For another father of four children under age 7, Jim Irvine, the decision to carry a loaded pistol holstered on his hip nearly 24/7 is simple: What good is a gun in your bedroom if you need it when a "bad guy" is at the front door?
Mr. Irvine is a commercial airline pilot and the head of the Buckeye Firearms Association, which pays for firearms training for Ohio schoolteachers whose districts have requested it. He works hard to disguise the lumpy gun in an inside-waistband holster. But when people do find out he carries, he says they sometimes ask, "Are you paranoid?" He says his response is: "Are you paranoid because you wear a seat belt when you drive? It's just reduction of risk."

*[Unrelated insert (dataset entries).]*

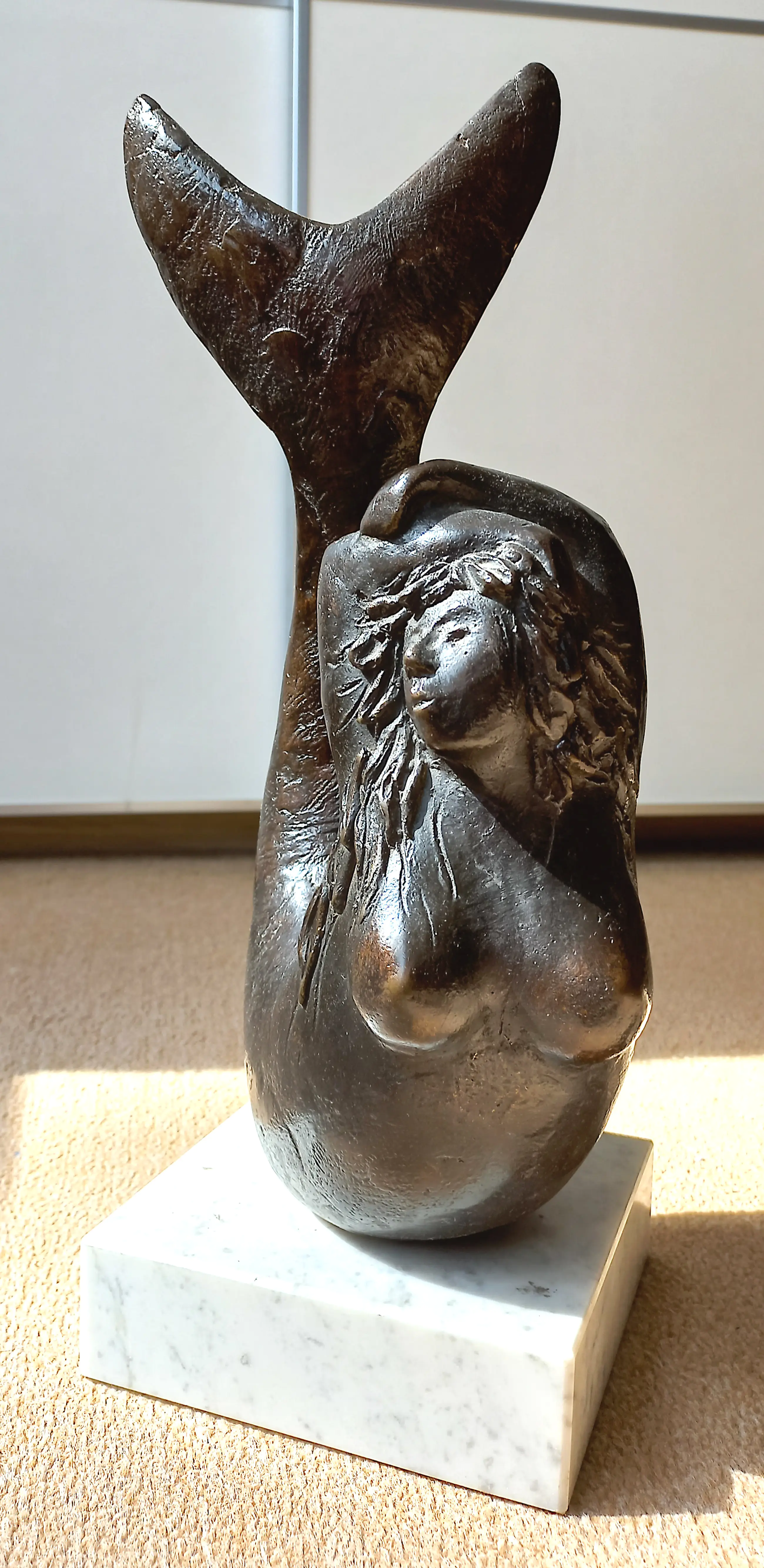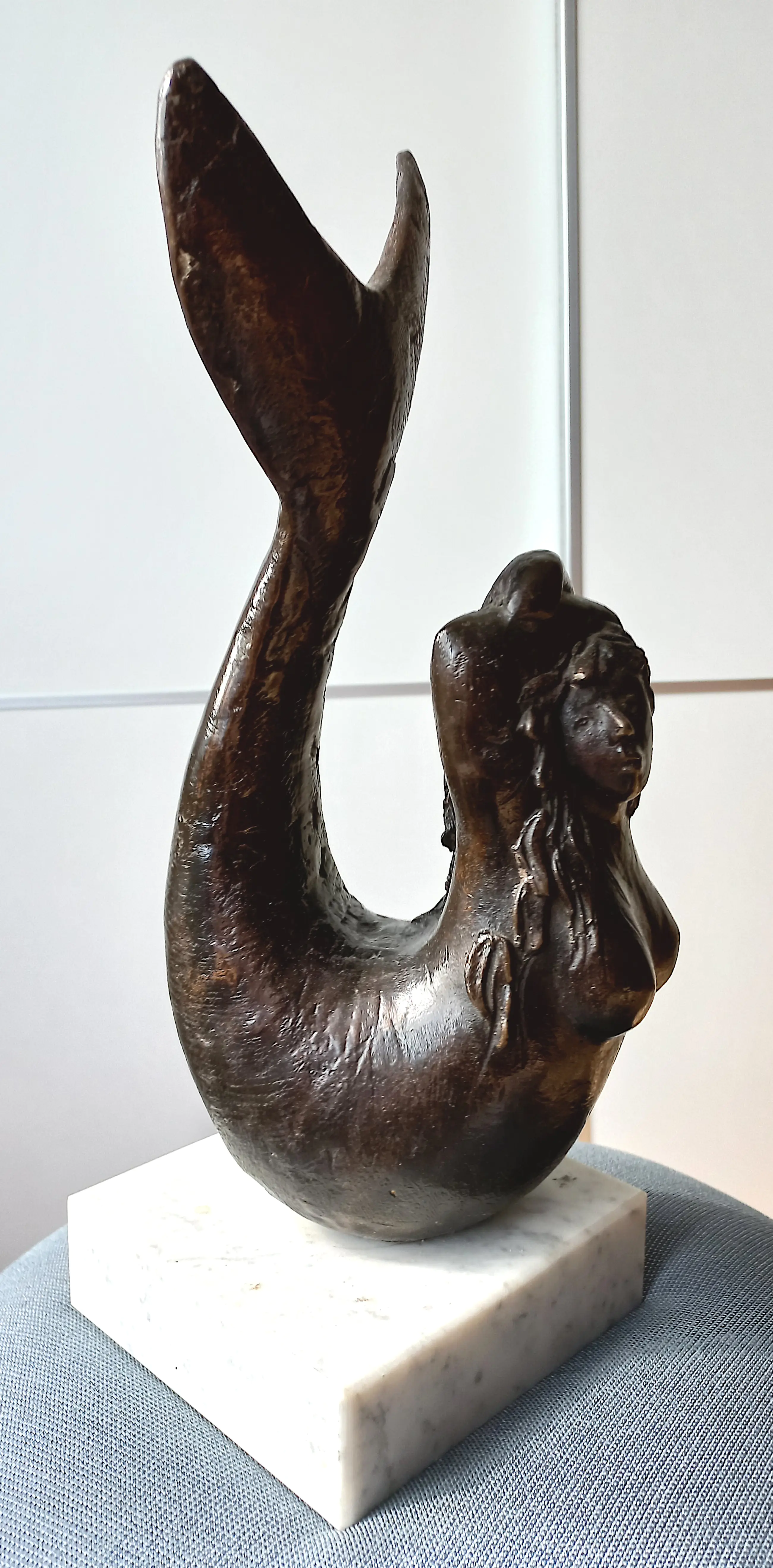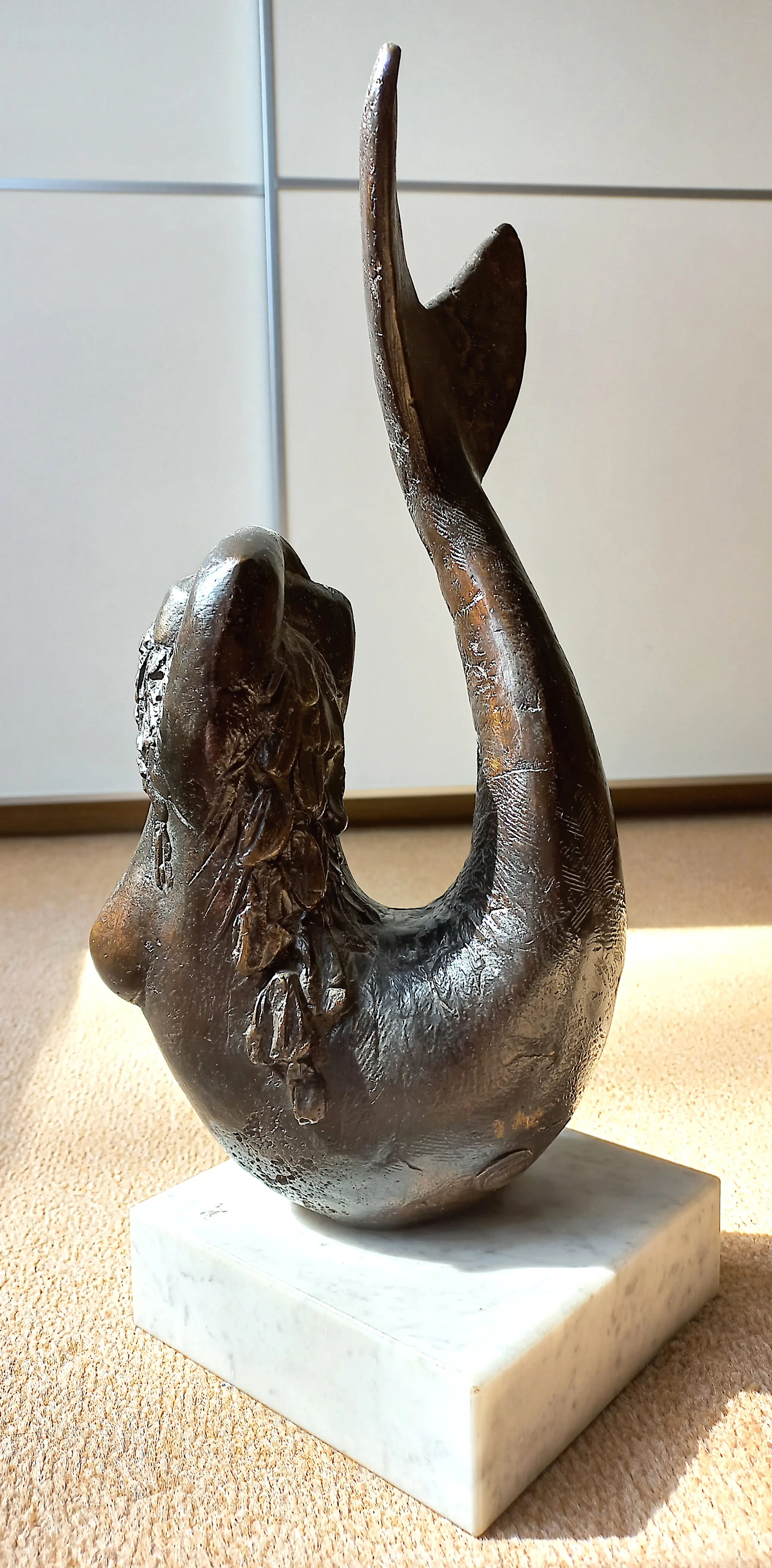 Mooie, karakteristieke sculptuur van Evert den Hartog. Bronzen beeld op marmeren voet, op het brons gestempeld en genummerd (1/12). Totaalgewicht rond de 5kg. In zeer goede conditie.
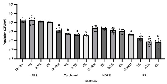 Plastic materials of acrylonitrile butadiene styrene (ABS), high-density polyethylene (HDPE), polypropylene (PP), and cardboard boxes from a local company were used in this study to represent common food packaging materials for the storage and transport of fresh produce. ABS, HDPE, PP, and cardboard were cut into 1 × 1-inch coupons, sanitized with 70% ethanol, and separated into control and treatment groups. For the treatment group, stock solutions of GS-2 (Wintermute Biomedical, Ten Carbon Chemistry, Scoresby, Victoria, Australia) were diluted with sdH2O to a concentration of 3%. After dilution, 0.1 mL of 3% GS-2 was pipetted onto the coupons of each plastic and cardboard coupon individually, spread with a plastic spreader, and then dried in a biosafety cabinet for 60 min. The plastic and cardboard coupons in both the control and treatment groups were then spot inoculated individually with 0.1 mL of A. niger, E. coli O157:H7, L. monocytogenes, or S. enterica Agona and then spread with a plastic spreader. The resulting inoculations were ~107 CFU/mL for A. niger and ~109 CFU/mL for the bacteria. After 15 min and 60 min, the plastic and cardboard coupons were placed in a sterile Whirlpak bag filled with 5 mL BPB and stomached for 1 min at 150 rpm for viable cell recovery. Serial dilutions in BPB were performed and plated on BHIArif for bacterial strains and PDA was for A. niger, respectively. E. coli O157:H7 and S. enterica Agona plates were incubated at 37 °C for 24 h and A. niger and L. monocytogenes plates were incubated for 48 h at 37 °C prior to viable cell enumeration.
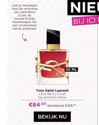 De prijs van de Yves Saint Laurent Libre Berry Crush kan ook teruggevonden worden hierboven op de pagina, samen met de datum van wanneer de aanbieding beschikbaar is. Ook kun je de prijzen in de huidige ICI Paris XL folder of op de ICI Paris XL website controleren. De aanbiedingen verzekeren je van het kopen van de ICI Paris XL producten voor de laagste prijs.
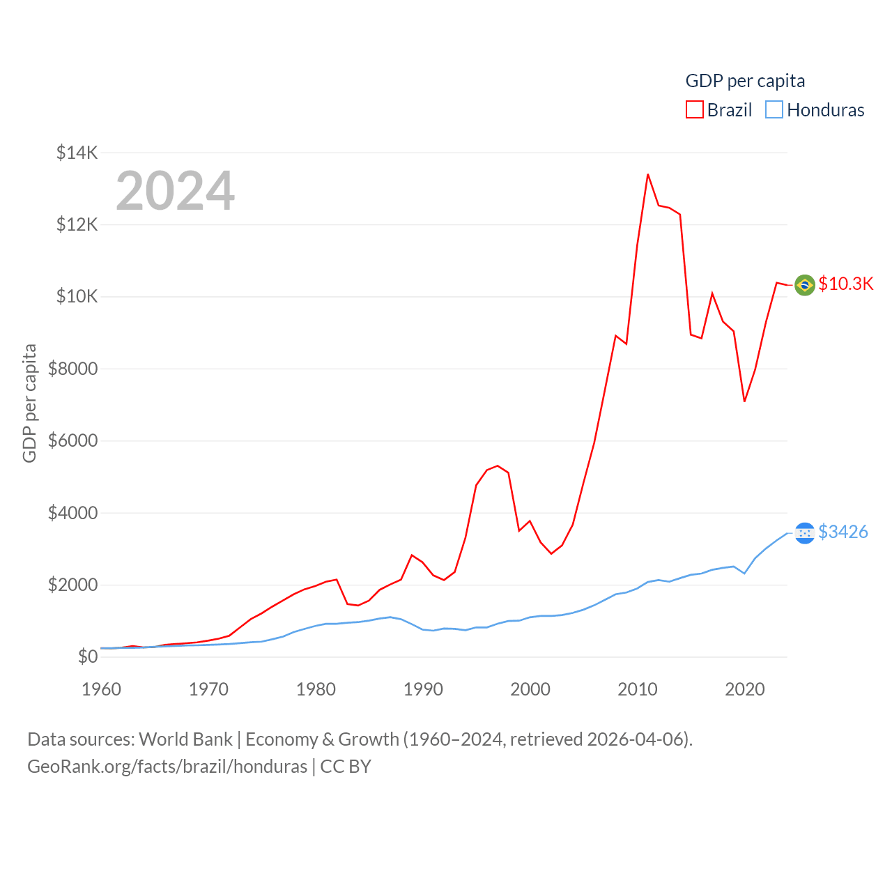 By GDP, Brazil ranks 10/197 ($2.19T) and Honduras ranks 104/197 ($37.1B). By GDP per capita, Brazil ranks 85/197 ($10,311), while Honduras ranks 136/197 ($3,426).
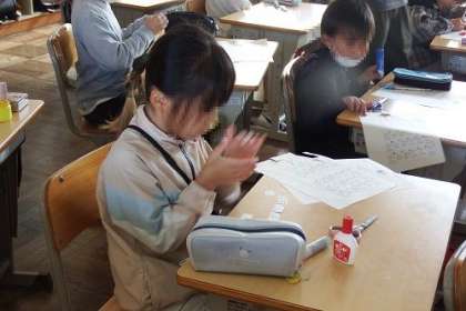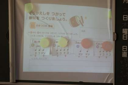 「くりかえしをつかって、音楽をつくりましょう」に取り組みました。自分で手を打ちながら、曲を作り上げていきます。楽しいリズム、楽しい音楽をたくさん作ることができました。
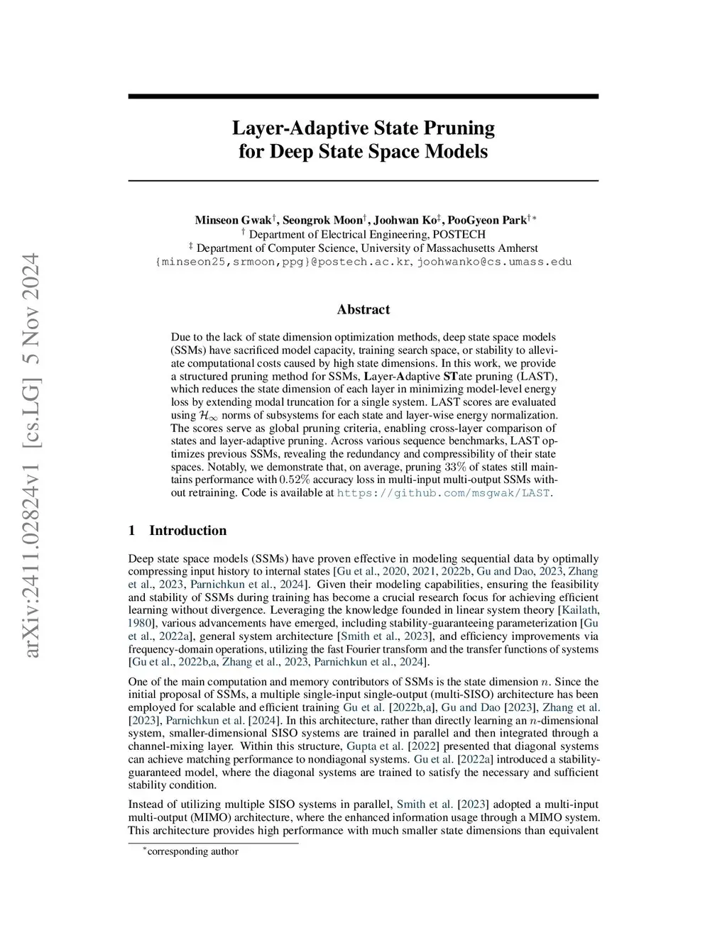 Due to the lack of state dimension optimization methods, deep state space models (SSMs) have sacrificed model capacity, training search space, or stability to alleviate computational costs caused by high state dimensions. In this work, we provide a structured pruning method for SSMs, Layer-Adaptive STate pruning (LAST), which reduces the state dimension of each layer in minimizing model-level output energy loss by extending modal truncation for a single system. LAST scores are evaluated using the norms of subsystems and layer-wise energy normalization. The scores serve as global pruning criteria, enabling cross-layer comparison of states and layer-adaptive pruning. Across various sequence benchmarks, LAST optimizes previous SSMs, revealing the redundancy and compressibility of their state spaces. Notably, we demonstrate that, on average, pruning 33% of states still maintains performance with 0.52% accuracy loss in multi-input multi-output SSMs without retraining. Code is available at https://github.com/msgwak/LAST.
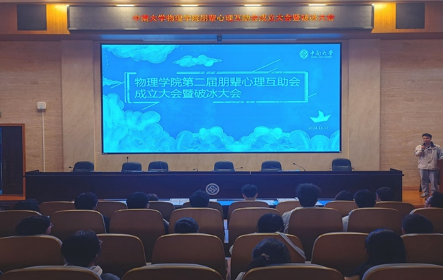 11月21日,物理学院第二届朋辈心理互助会成立大会暨破冰大会在学院116报告厅顺利召开。心助会指导老师萧鸿猷、心助会全体学生干部、2024级年级长和2024级各班心理委员出席本次会议,活动由心助会办公室部长李步一主持。
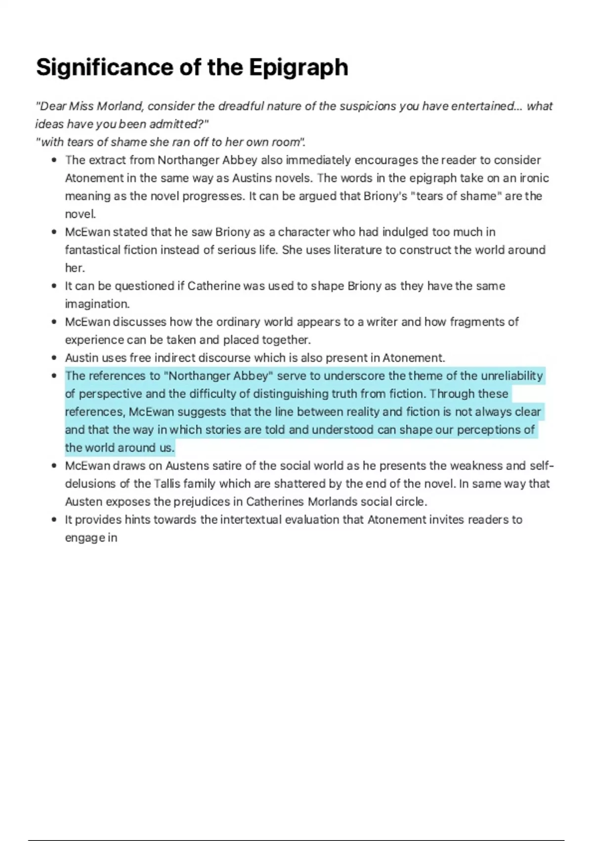 Atonement in the same way as Austins novels. The words in the epigraph take on an ironic
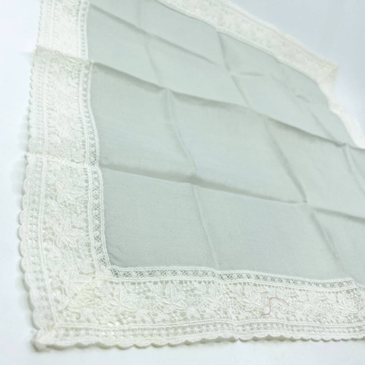 ハンカチ バンダナ 縁レース ロゴ刺繍 人物 横顔 植物 リーフ ライトグレー系 ラグジュアリー エレガント
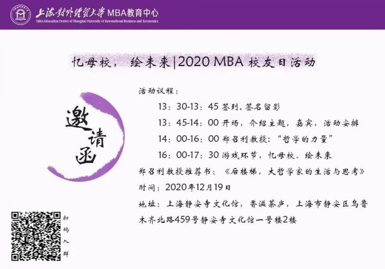 【預(yù)告】憶母校,繪未來|上海對外經(jīng)貿(mào)大學(xué)2020MBA校友日歡迎你的到來
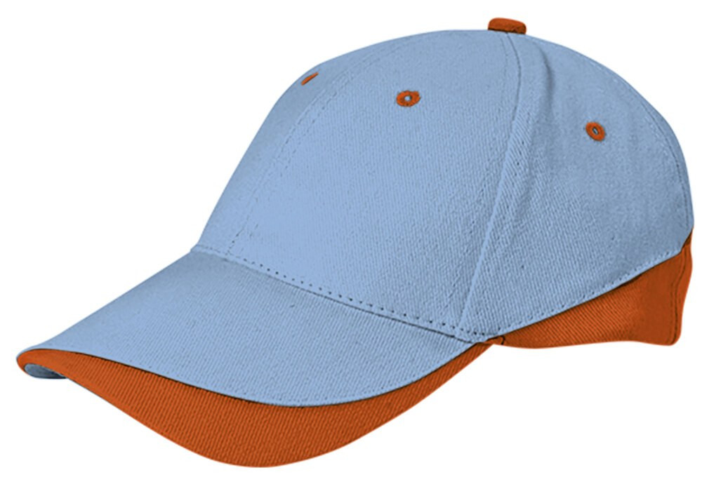 Two-Tone 6-Panel Baseball Cap. Made of thick twill fabric, 100% cotton, with a velvety soft touch, providing strength, durability and breathability.Six embroidered vents for better airflow, curved visor to prevent sunlight and provide freshness, an inner band around the contour for greater comfort. Curved front area with central stitching and thermo-fixed inner reinforcement to keep its shape.Semi-circular back opening with velcro fastening tab for a secure fit. Suitable marking methods: embroidery, stitching. Ideal as sportswear, for a corporate gift, souvenir, merchandising, and more.
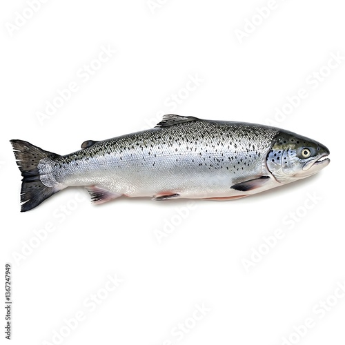 Fresh Atlantic Salmon Fish, Whole, Isolated on White
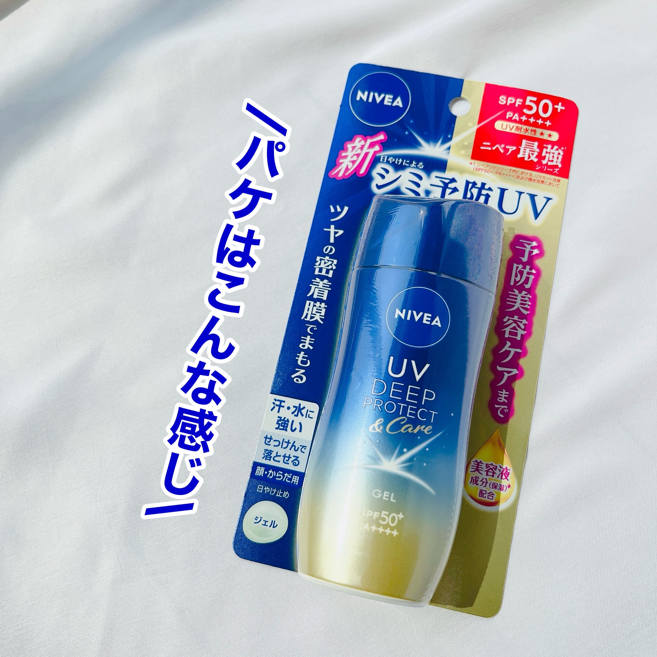 ニベア花王からいただきました。ニベアUVディーププロテクト&ケアジェルがリニューアルされました。【商品特徴】◆日やけによるシミ予防UV※1。予防美容ケア(日やけによるシミ予防※1)まで。SPF50+/PA++++。◆汗・水に強い...

America's elephant in the room
Guns in the US can be "scary" for those who don't own or understand them, says Rose Everett-Martin, a mediator and handgun owner who is working on a civic dialogue program to find common ground on the issue in Butte, Mont. For Americans, she says, the use of guns "is [like] the elephant in the middle of the room for a family with dysfunction."
That dissonance is never far from those who have decided to bear arms for defense. Margaret Stroup is barely past the time she'd shake at the sight of a gun, and she was offended at the insensitivity of a man who recognized her and "walked up ... and introduced me to his wife as 'the lady that went to a gunfight without a gun.' "
Yet today, Stroup can articulate very clear reasons she thinks a gun will help her navigate her world.